Every line from the one holding "Die Leder-Umhängetasche vereint" through the one holding "ГДЗ решение к" in the data below must be returned exactly, both ends included, with pictures left out and nothing else added.

(Beginning of Records)

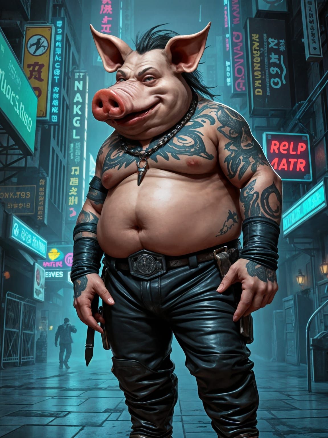 This image shows a heavily tattooed, overweight pig-like barbarian in leather pants. The character is set in a cyberpunk city with neon lights, reminiscent of Blade Runner 2049.
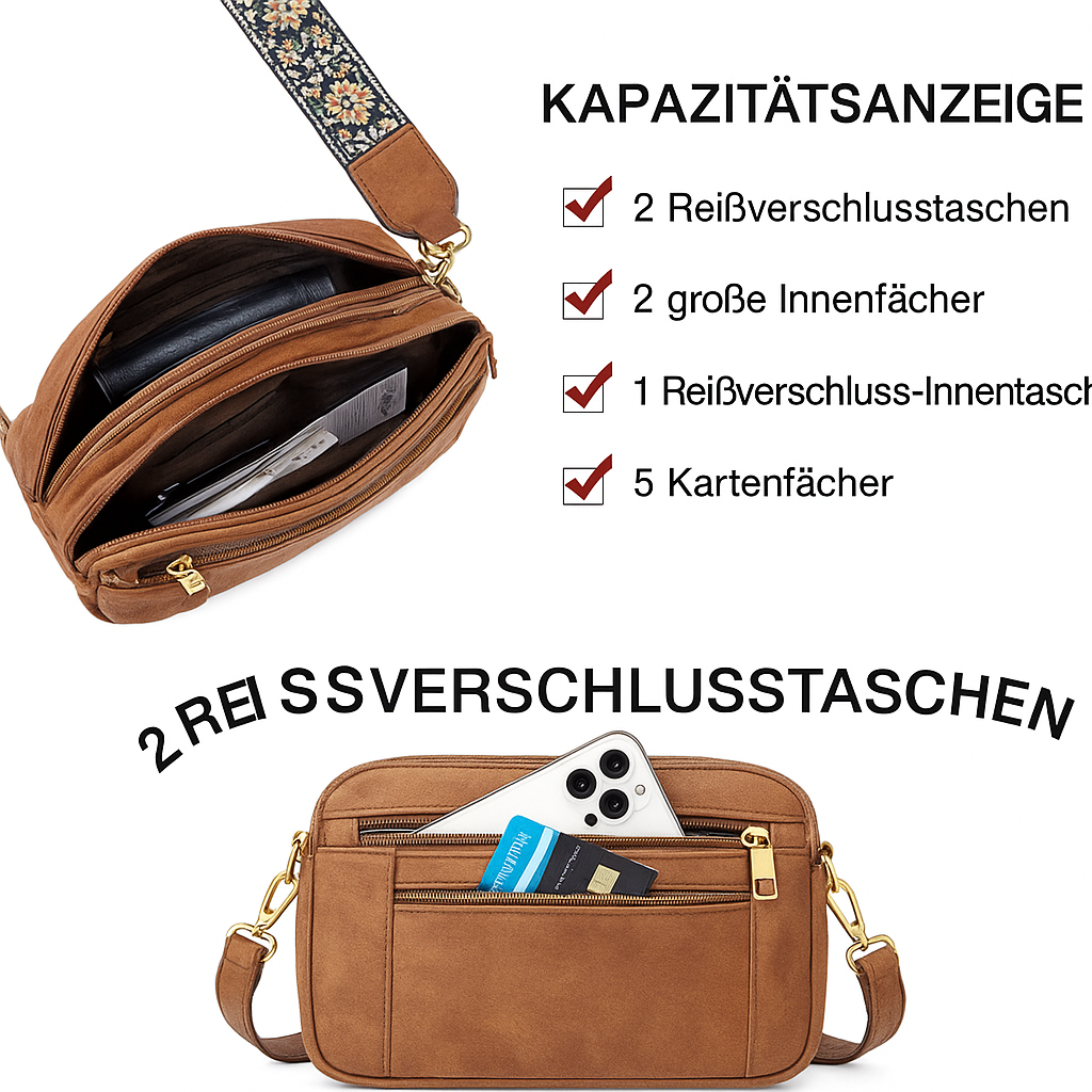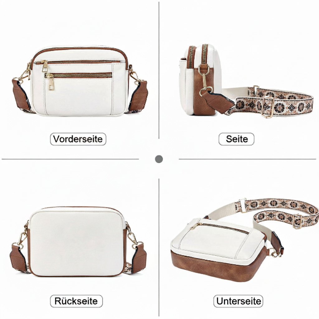Die Leder-Umhängetasche vereint Eleganz und Alltagstauglichkeit auf perfekte Weise. Mit großzügigem Stauraum und durchdachten Fächern behältst du jederzeit den Überblick. Aus hochwertigem Leder gefertigt, ist sie robust, weich im Griff und leicht zu pflegen. Der verstellbare Schulterriemen garantiert ganztägigen Komfort, während das elegante Design jedem Look einen Hauch von Raffinesse verleiht.
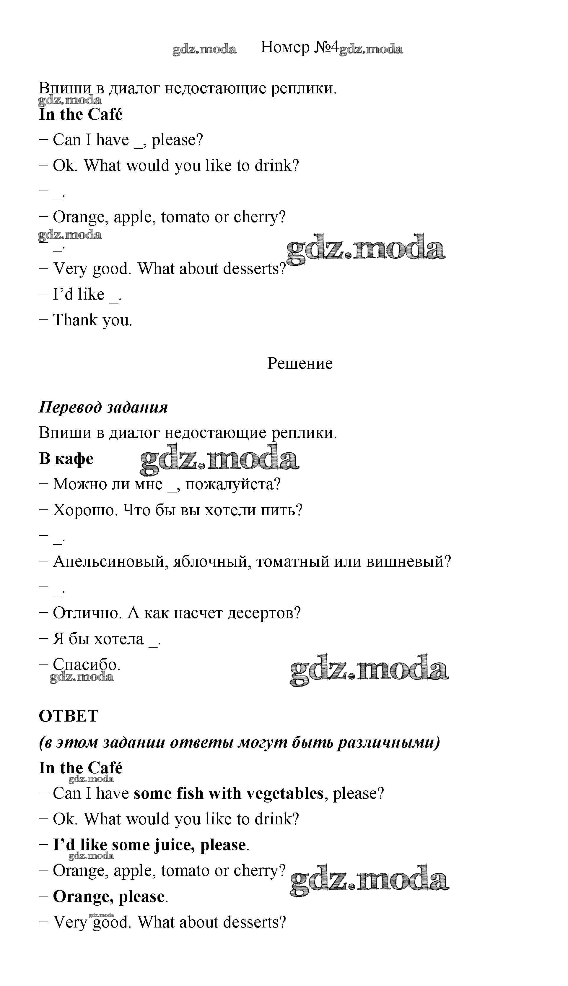 ГДЗ решение к заданию № 4 Английский язык 4 класс рабочая тетрадь Афанасьева О. В. Дрофа 2016 ФГОС бесплатно на гдз.мода!
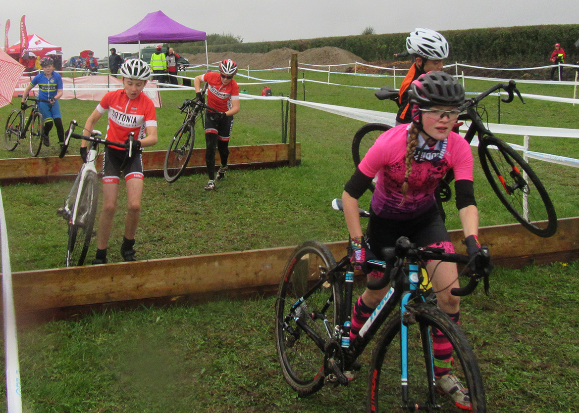 Round 4 of the Parentini Wessex CX league moved closer to home with a return to Droxford near Bishops Waltham and a super impressive 34 Sotonia youth racers (part of a 52 strong club line up and a new record number) were treated to a second moto-x venue in as many weeks. Overnight rain again added mud, especially for the fearsome "Hecklers Hill" which the U14s and U16s had to contend with. Elsewhere we had low barriers which many of our young racers managed to ride over - special mention to Leo Darnton who rode them in his first U8 race and without any prior experience!
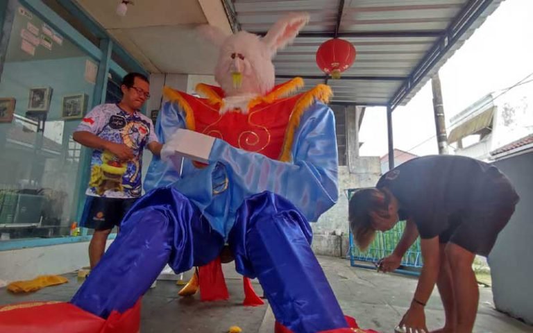 Ondel-ondel ini dibuat menyerupai kelinci dengan dibalut kain dengan warna biru karena pada tahun ini merupakan shio kelinci air.
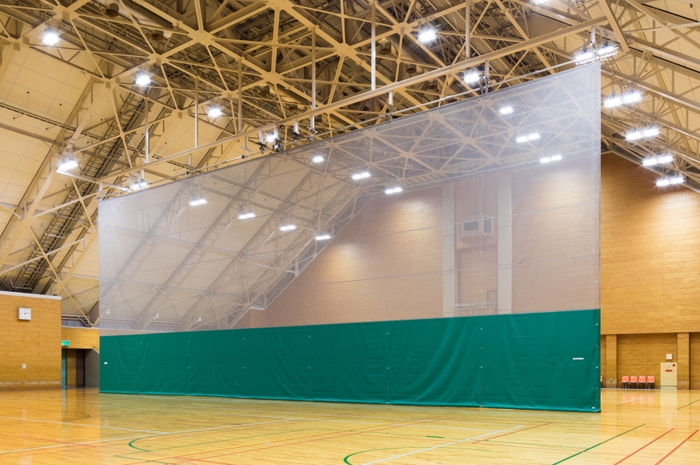 SIKIRUTOは、リモコンのボタンを押すだけで天井に格納されている幕が降り、空間を二つに分けることが出来る、大型電動間仕切りです。当社は1992年に第一号機を納入して以来、日本全国の学校や公共の体育館に納入してきました。
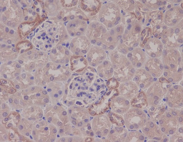 Immunohistochemical analysis of paraffin-embedded mouse kidney, using IKK alpha Antibody.
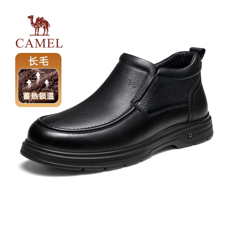 骆驼2025冬季牛皮缓震防滑爸爸舒适加绒保暖经典休闲商务皮鞋男士
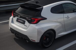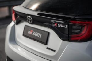 - Bahagian belakang GR Yaris mendapat sentuhan bumbung tiru dengan pilar belakang disempurnakan spoiler GR tinggi untuk meningkatkan daya mendap (downforce) keseluruhan.
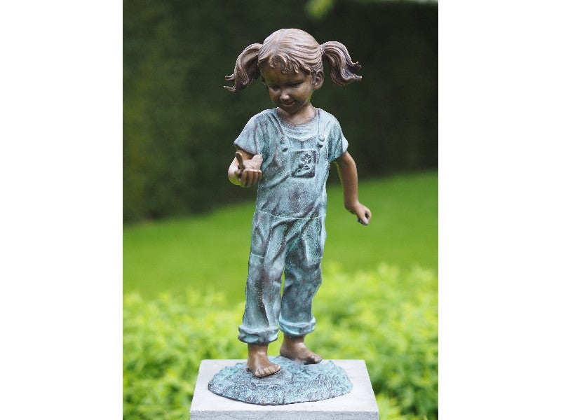 Bronzestatue Mädchen mit Vogel in der Hand 50x27x20cm
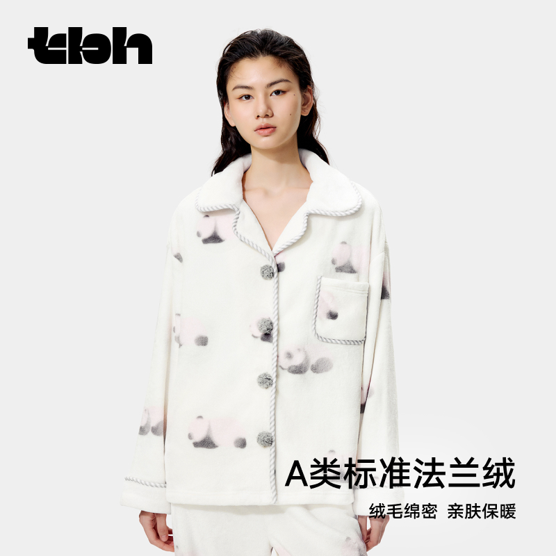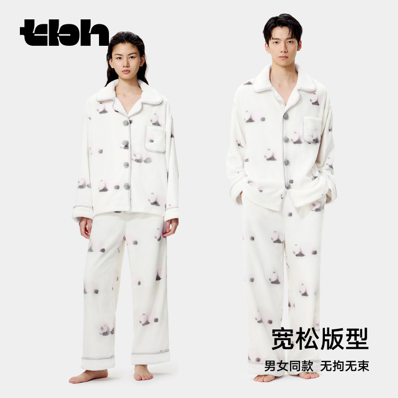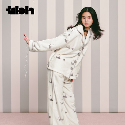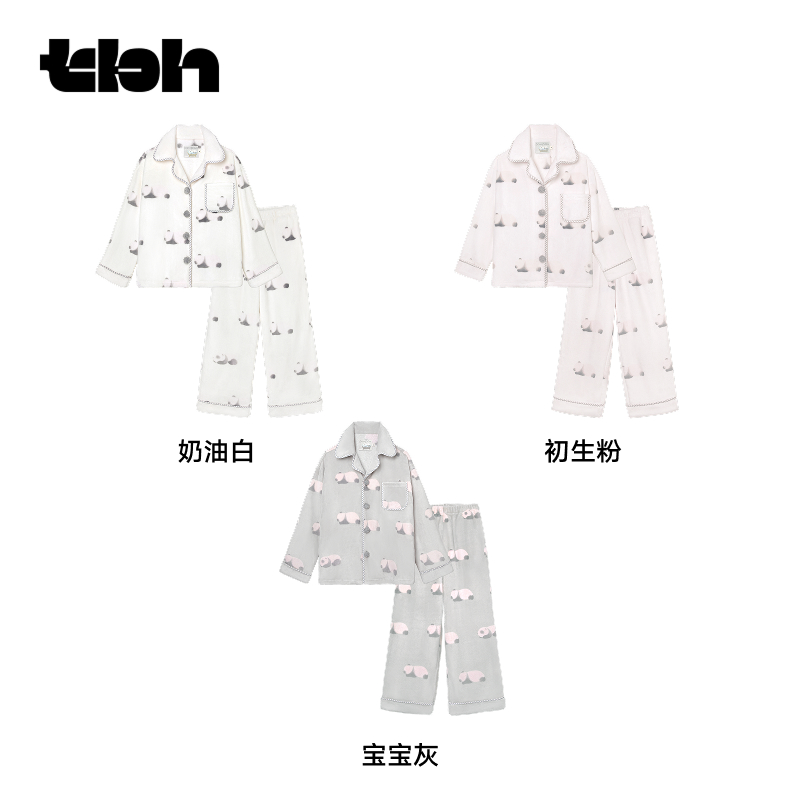 tbh野兽派家居熊猫嘭嘭法兰绒家居服套装秋冬加厚可外穿睡衣女

(End of Records)

Result of this task:
Die Leder-Umhängetasche vereint Eleganz und Alltagstauglichkeit auf perfekte Weise. Mit großzügigem Stauraum und durchdachten Fächern behältst du jederzeit den Überblick. Aus hochwertigem Leder gefertigt, ist sie robust, weich im Griff und leicht zu pflegen. Der verstellbare Schulterriemen garantiert ganztägigen Komfort, während das elegante Design jedem Look einen Hauch von Raffinesse verleiht.
 ГДЗ решение к заданию № 4 Английский язык 4 класс рабочая тетрадь Афанасьева О. В. Дрофа 2016 ФГОС бесплатно на гдз.мода!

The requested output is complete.